What you need to do. A word-for-word copy of the data, pictures excluded, is what this task asks for.

Dataset section.
◇ ◇ ◇ ◇

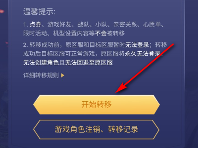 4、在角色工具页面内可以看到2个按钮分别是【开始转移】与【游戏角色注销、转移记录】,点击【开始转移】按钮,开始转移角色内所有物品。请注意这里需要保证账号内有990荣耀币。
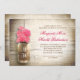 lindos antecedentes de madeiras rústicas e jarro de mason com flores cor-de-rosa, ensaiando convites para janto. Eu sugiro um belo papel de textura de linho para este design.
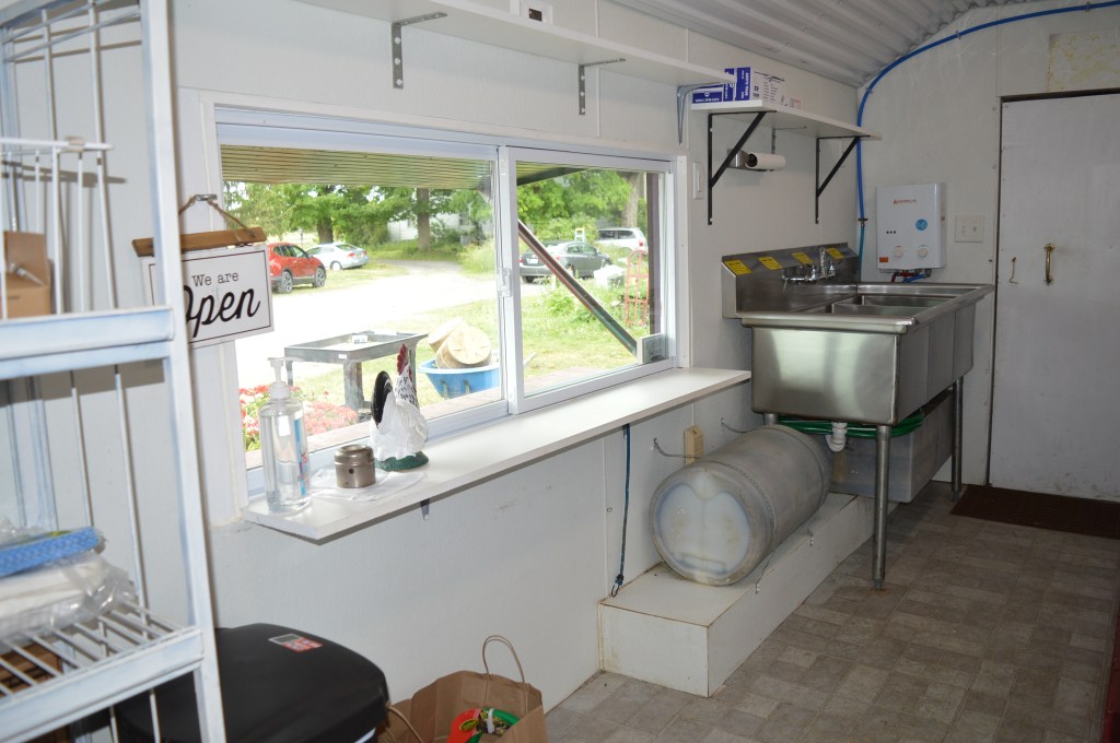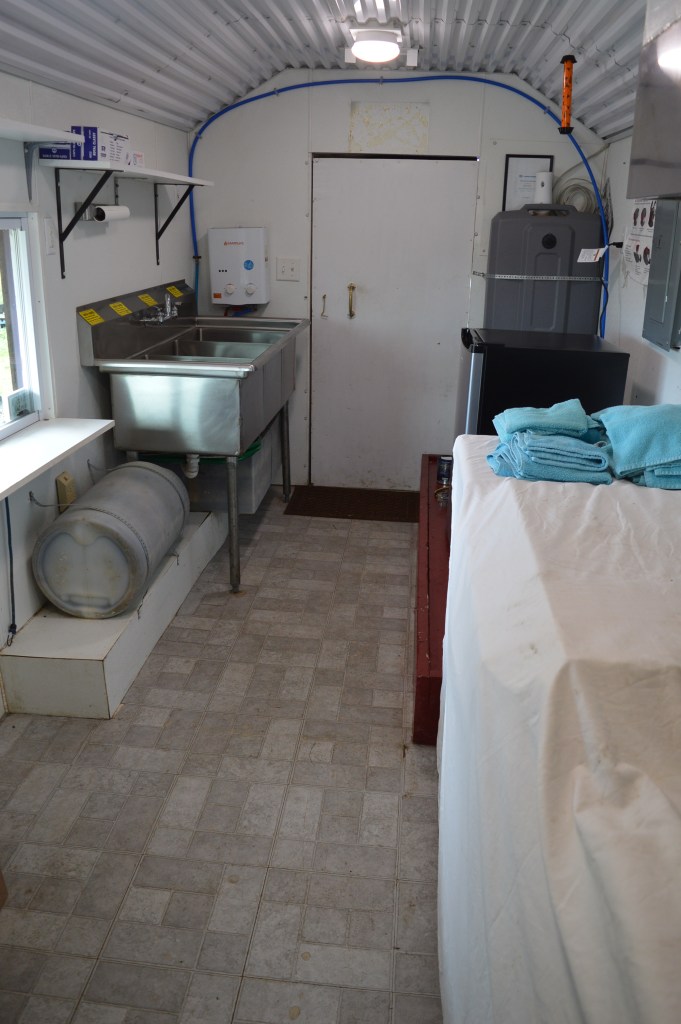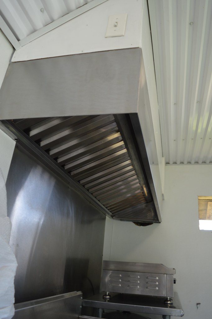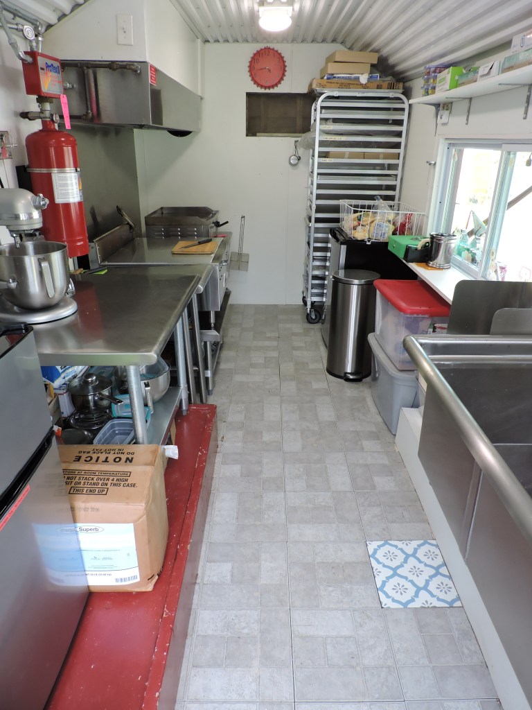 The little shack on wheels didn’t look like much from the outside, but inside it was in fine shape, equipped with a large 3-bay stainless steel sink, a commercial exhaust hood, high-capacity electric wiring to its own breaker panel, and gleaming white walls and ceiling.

◇ ◇ ◇ ◇

Solution for this task.
 4、在角色工具页面内可以看到2个按钮分别是【开始转移】与【游戏角色注销、转移记录】,点击【开始转移】按钮,开始转移角色内所有物品。请注意这里需要保证账号内有990荣耀币。
 lindos antecedentes de madeiras rústicas e jarro de mason com flores cor-de-rosa, ensaiando convites para janto. Eu sugiro um belo papel de textura de linho para este design.
 The little shack on wheels didn’t look like much from the outside, but inside it was in fine shape, equipped with a large 3-bay stainless steel sink, a commercial exhaust hood, high-capacity electric wiring to its own breaker panel, and gleaming white walls and ceiling.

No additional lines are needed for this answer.